Exercise directions: Retrieve every line of the data holding the word "paslaugų".

---- Data excerpts

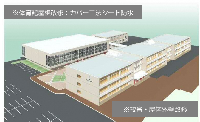
※体育館屋根改修：カバー工法シート防水
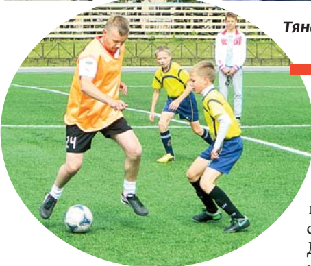
Дети против родителей
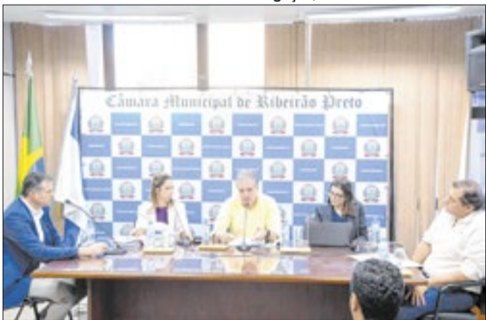
Comissão ouviu representantes do Consórcio Conecta
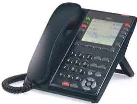
SL2100 IP 話機
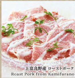
上富良野産 ローストポーク Roast Pork from Kamifurano
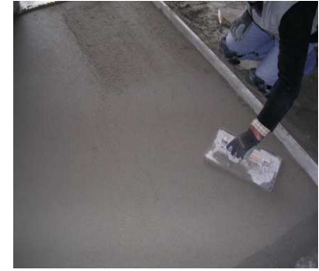
Alisamiento con llana de la superficie final
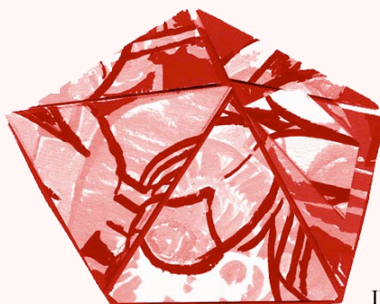
Ilustración de Dinah Salama

LEOPOLDO DE LUIS Poesía cada día , p. 202
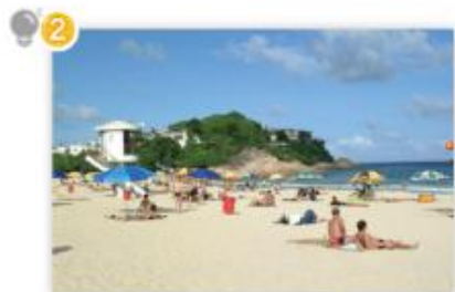
夏季 C, F
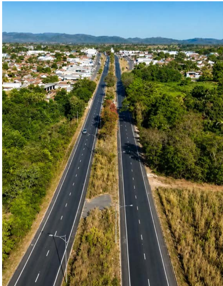
Trechos das rodovias GO-070 e GO-118 somam 326,13 quilômetros e coincidem com as federais BR-070 e BR-010

A operação teve como objetivo preparar a população e as instituições para atuação coordenada em uma situação hipotética de rom-
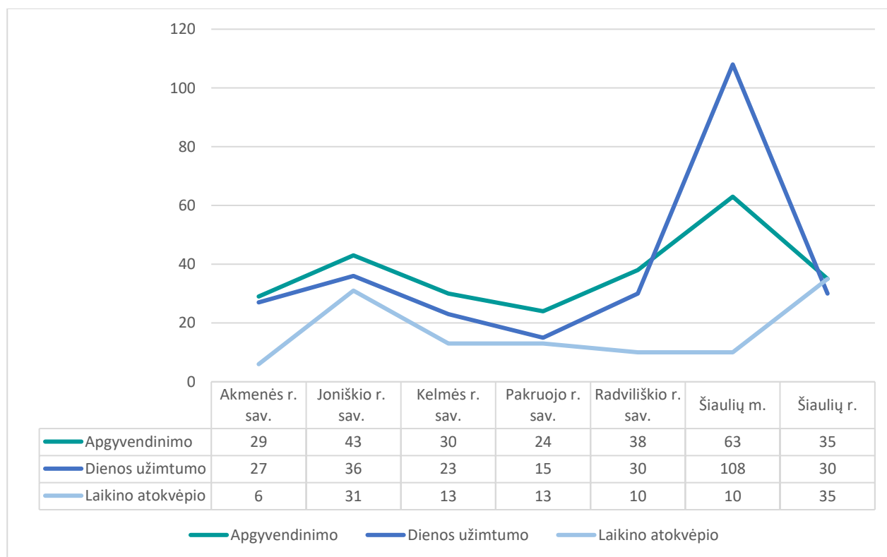
4 Pav. Apgyvendinimo, dienos užimtumo ir laikino atokvėpio paslaugų poreikis bendruomenėje gyvenantiems asmenim (artimiesiems)

Atkreiptinas dėmesys, kad šiuos duomenis reikia vertinti kaip bendrąją statistiką, todėl, kad rezultatai atskleidžia tik paslaugų teikimo, nukreipto į apgyvendinimą, užimtumą ir artimųjų poilsį, kryptis. Individualių poreikių užtikrinimui būtinas kiekvieno individualaus asmens (šėimos) paslaugų poreikio vertinimas ir individualaus pagalbos plano sudarymas.
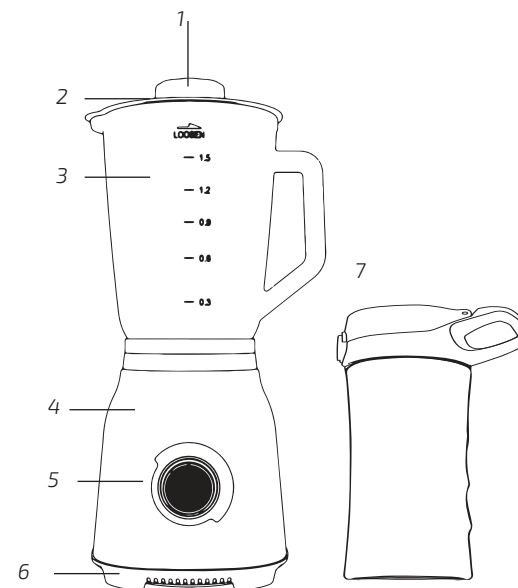
Fig./Img./Abb./Afb./ Rys. 1

Práva duševního vlastnictví k textům v této příručce jsou majetkem společnosti CECOTEC INNOVACIONES, S.L. Všechna práva jsou vyhrazena. Obsah této publikace nesmí být, zčásti nebo jako celek, reprodukován, ukládán do systému obnovy, přenášen nebo distribuován žádnými prostředky (elektronicky, mechanicky, fotokopírováním, nahráváním nebo podobným způsobem) bez předchozího souhlasu společnosti CECOTEC INNOVACIONES, S.L.
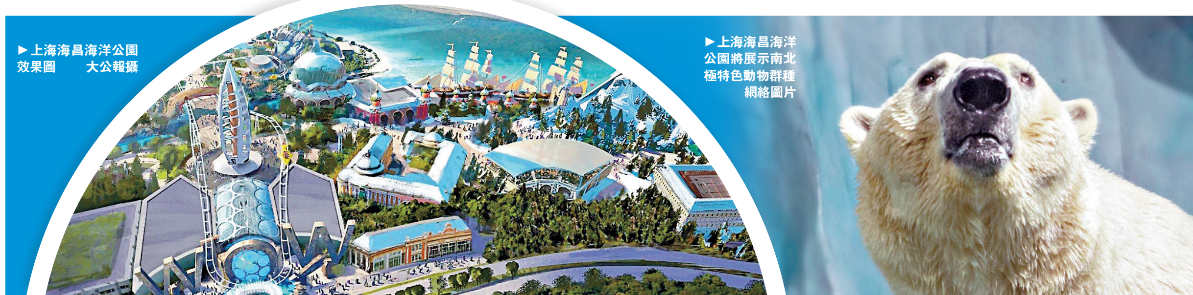
►上海海昌海洋公園將展示南北極特色動物群種

--------

Result of this exercise:
4 Pav. Apgyvendinimo, dienos užimtumo ir laikino atokvėpio paslaugų poreikis bendruomenėje gyvenantiems asmenim (artimiesiems)
Atkreiptinas dėmesys, kad šiuos duomenis reikia vertinti kaip bendrąją statistiką, todėl, kad rezultatai atskleidžia tik paslaugų teikimo, nukreipto į apgyvendinimą, užimtumą ir artimųjų poilsį, kryptis. Individualių poreikių užtikrinimui būtinas kiekvieno individualaus asmens (šėimos) paslaugų poreikio vertinimas ir individualaus pagalbos plano sudarymas.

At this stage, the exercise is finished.